MD:What is WET all about?

Si:While WET researchers originally focused on applied research on estuarine wetland ecosystems in Puget Sound, we now study everything from the fine-scale attributes of fish habitat—for example, juvenile salmon foraging in emergent tidal marshes—to basic research into ecosystem processes at landscape scales—such as understanding how estuarine water circulation affects food webs.

The WET team works in estuarine and coastal areas, including the San Francisco Bay–San Joaquin/Sacramento Delta, coastal Oregon and the Columbia River estuary, the Puget Sound/Salish Sea, and Alaska. Staff member Jeff Cordell (MS 1986) has gone as far as Tahiti to explore invasive zooplankton around coral reefs!

Student Erin Seghesio and staff Jeff Cordell

WET research scientist Jeff Cordell and graduate student Erin Seghesio (MS 2011 SAFS) collecting invertebrates in the Russian River estuary , California (photo courtesy of C. Simenstad). Click photo to view larger image.

MD: How do you decide which projects to pursue?

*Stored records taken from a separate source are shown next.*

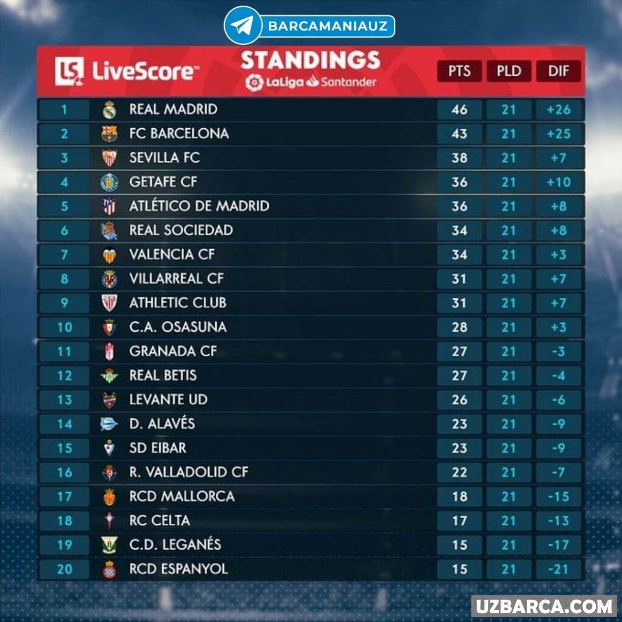 LaLiga. 21-turdan so'ng turnir jadvalidagi holat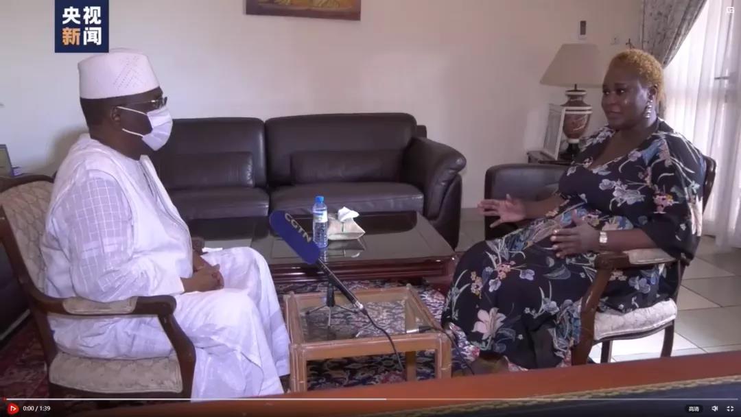 当地时间10日,总台报道员妮雅邬蕾采访西非国家经济共同体委员会主席让-克劳德·布鲁。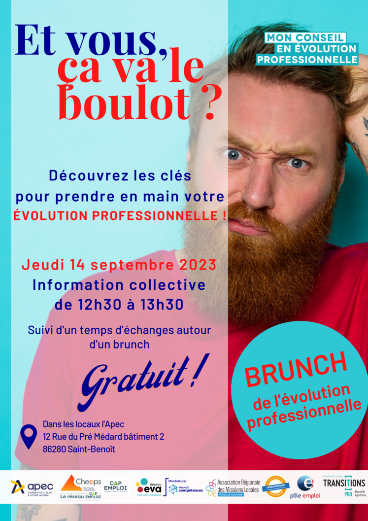 Le 14 septembre un brunch gratuit est proposé par les acteurs du conseil en évolution professionnelle et transitions po Nouvelle-Aquitaine, pour prendre en main son évolution professionnelle et discuter. L’évènement se déroulera dans les locaux de l’APEC ( 12 rue du Pré Médard - Bâtiment 2, 86 280 Saint-Benoit), et en présence des experts de l’emploi à Poitiers : l’APEC, CHEOPS Nouvelle-Aquitaine, les Missions Locales, Pôle Emploi, le Réseau EVA et Transitions Pro.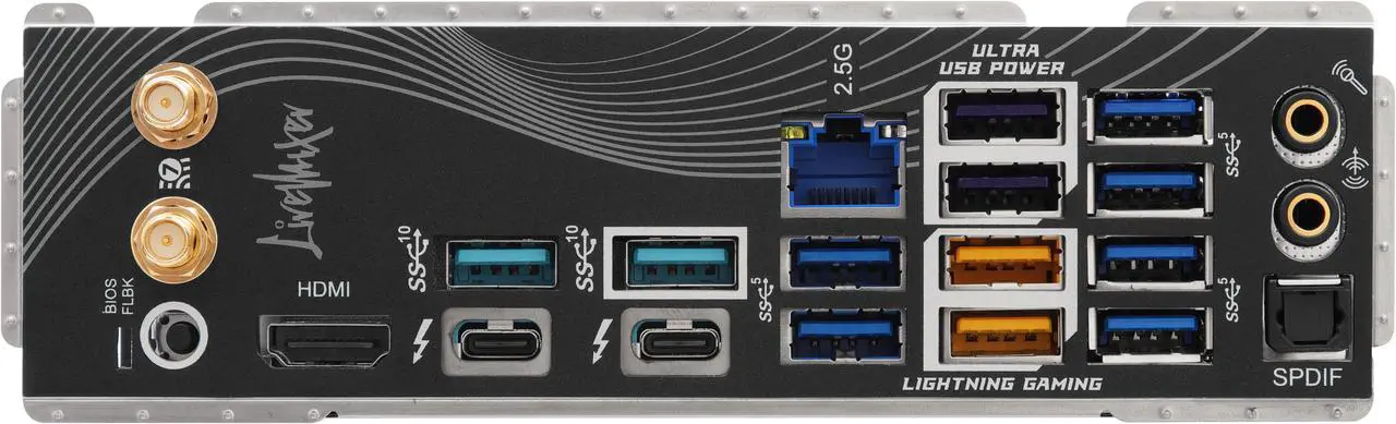 Dispone de 4 ranuras DDR5 (hasta 256 GB, Dual Channel) y un subsistema de almacenamiento con 1 M.2 PCIe 5.0 x4 más 3 M.2 PCIe 4.0 x4, además de 6 puertos SATA 6Gb/s con RAID 0/1/5/10. La expansión para GPU se centra en un slot PCIe 5.0 x16 reforzado, acompañado de puertos USB de alta velocidad y salidas de video para iGPU, simplificando la conexión de periféricos y monitores.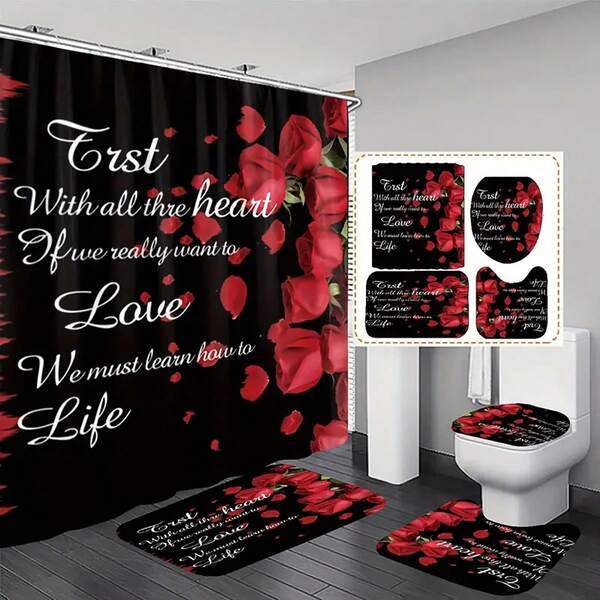 1pc Cartoon Valentine'S Day Themed Shower Curtain, Made Of Polyester Fiber And Comes With 12 Hooks, Water-Resistant Polyester Fabric. It Also Includes A Soft Absorbent Non-Slip Bathroom Mat For Home Use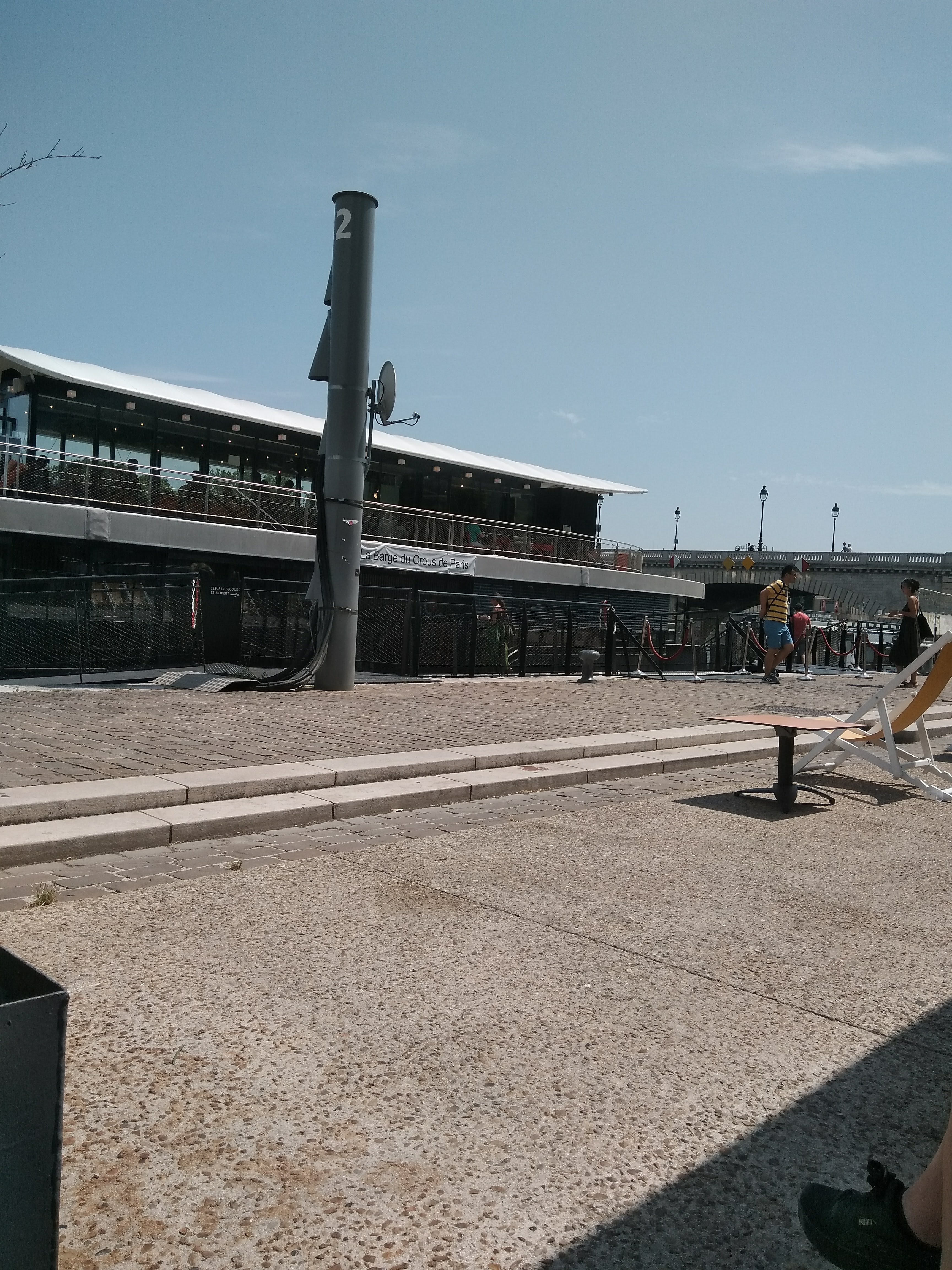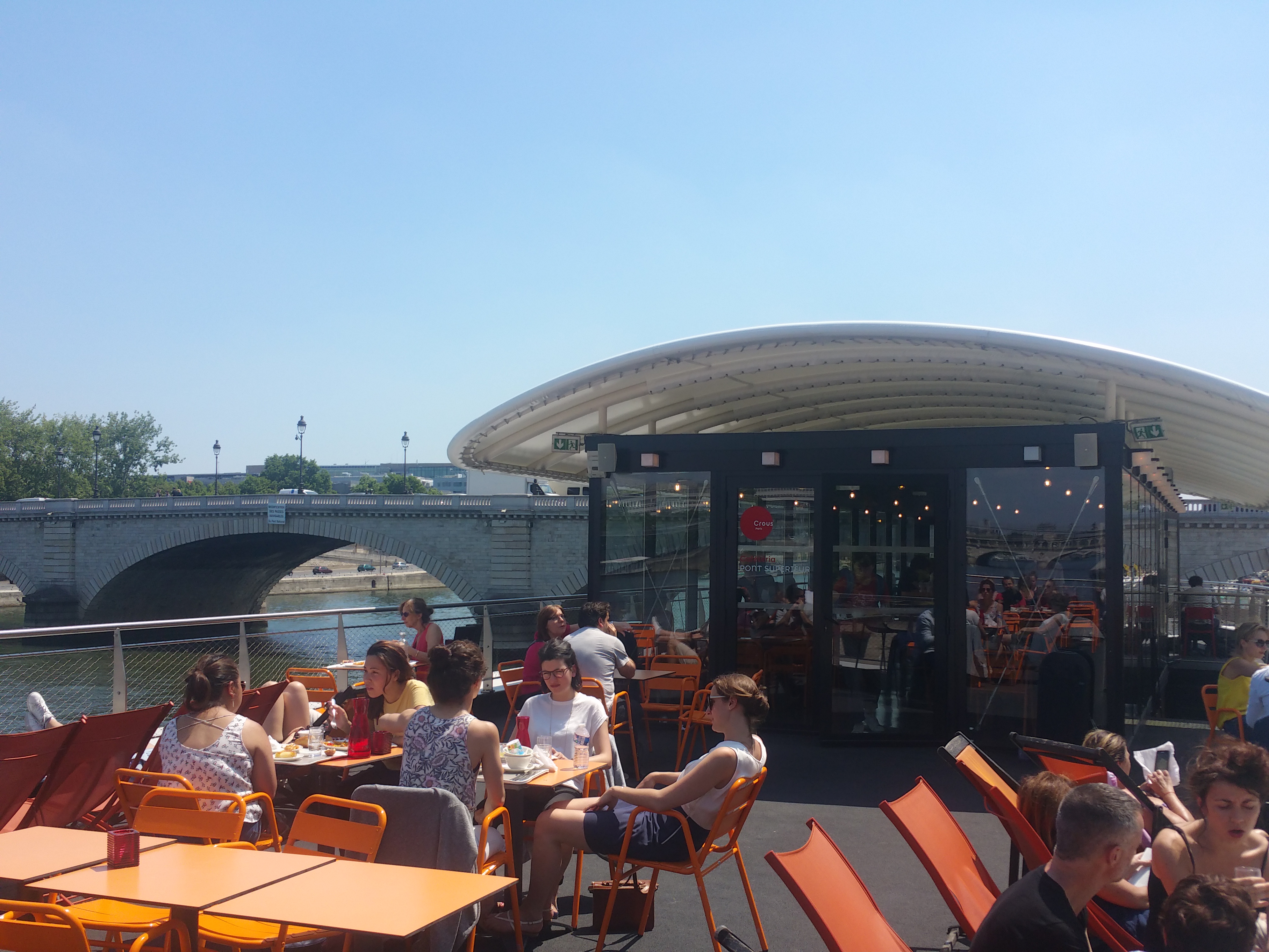 C'est la nouvelle péniche du CROUS, ambiance stylé avec transat, collation abordable, et chaine HIFI branchement cable jack pour les convives. C'est un peu retour à l'époque des colonies de vacances ou des moment de restauration pendant la pause déjeuné avant les cours. Je crois qu'il y a une programmation avec des concerts et des journées à thèmes. HAVE A GOOD LUNCH !
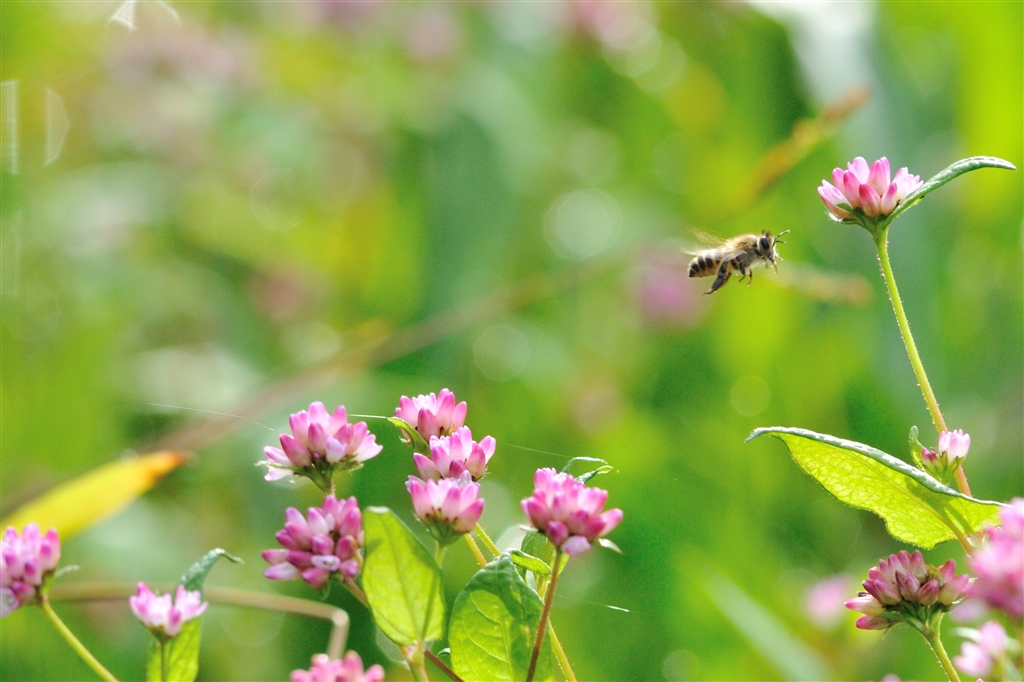 秋の最後、ハナアブさんがミゾソバの蜜を食べにきてます。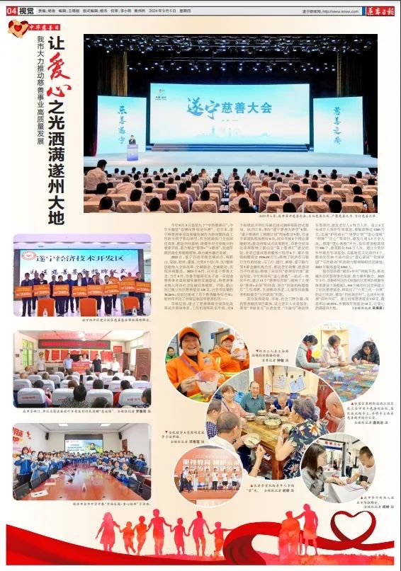 今年9月5日是第九个“中华慈善日”,今年主题是“崇德向善依法兴善”。近年来,遂宁将慈善事业高质量发展作为新时期民政工作的主抓手和总牵引,作为民政部门全面深化改革、推动共同富裕、助推乡村全面振兴的重要手段,着力推动“慈善+”“+慈善”,促进传统民政业务提能增效,助力城乡融合发展。

Si:Projects should provide full support for a SAFS or other UW graduate student. They should focus on estuarine and coastal ecosystems, of course, and even very specific applied questions should still support basic science. Because of our special expertise in high-resolution taxonomy of estuarine/coastal marine wetland invertebrates, we also assist resource agencies and other collaborators.

MD: There is a more personal evolution in this story, too. What was that?

Si:In 2001, I moved from a research staff position to become research faculty. This allowed me to increase WET’s role in graduate student guidance. This was one of the more fortunate transitions in my career, and likely would not have happened without help from Bud Burgner, school directors Marsha Landolt and Dave Armstrong, and then-College of Ocean and Fishery Sciences Dean, Arthur Nowell.

MD: How is the “Team” in “Wetland Ecosystem Team” manifested?

Si:I emphasize to prospective graduate students that everyone is expected to contribute, be it mentoring new students or Capstone undergraduates, assisting in field studies for each other’s projects, or providing statistical, analytical or taxonomic expertise.

There’s also something to be said for having a spectrum of ages, expertise, and backgrounds in the foundation of the lab, which provides a scientific and institutional memory that the students can always draw on - for example, Jeff and I have worked together for 35 years!.

MD: What are some highlights of the WET program?

Si: That’s easy: Some 35 WET graduate students have gone on to make substantive contributions to science, resource management, and society overall.

Every student and staff member contributes substantively to WET and our science, regardless of their career path. And, largely, they do this by building on each other’s history to progressively advance our understanding about coastal ecosystem organization and function, from the species to the landscape scale.

I am most gratified by students and staff who have carried forward the lessons we have tried to instill in WET about the importance of incorporating rigorous science in resource management issues, formulating testable hypotheses and questions into sampling designs and experiments, determining what resources like salmon require from a landscape mosaic of ecosystems, understanding what promotes sustainable restoration, and knowing when it is their ultimate responsibility to “represent the fish.”

I think that Jeff, Jason Toft (staff; MS 2000) and I have always been in our true “WETspace” with a student or staff member pulling a beach seine or sucking up fish prey along a beach, marsh, or eelgrass meadow. But then there was the large-scale research on ecosystem dynamics in which we have led interdisciplinary, multi-institutional teams. To truly understand ecosystems at the landscape scale, you need the best interdisciplinary team you can get, and WET students and staff have always been totally invested in this intensely interactive research and, perhaps most important, they have been and continue to be fun and inspiring to work with.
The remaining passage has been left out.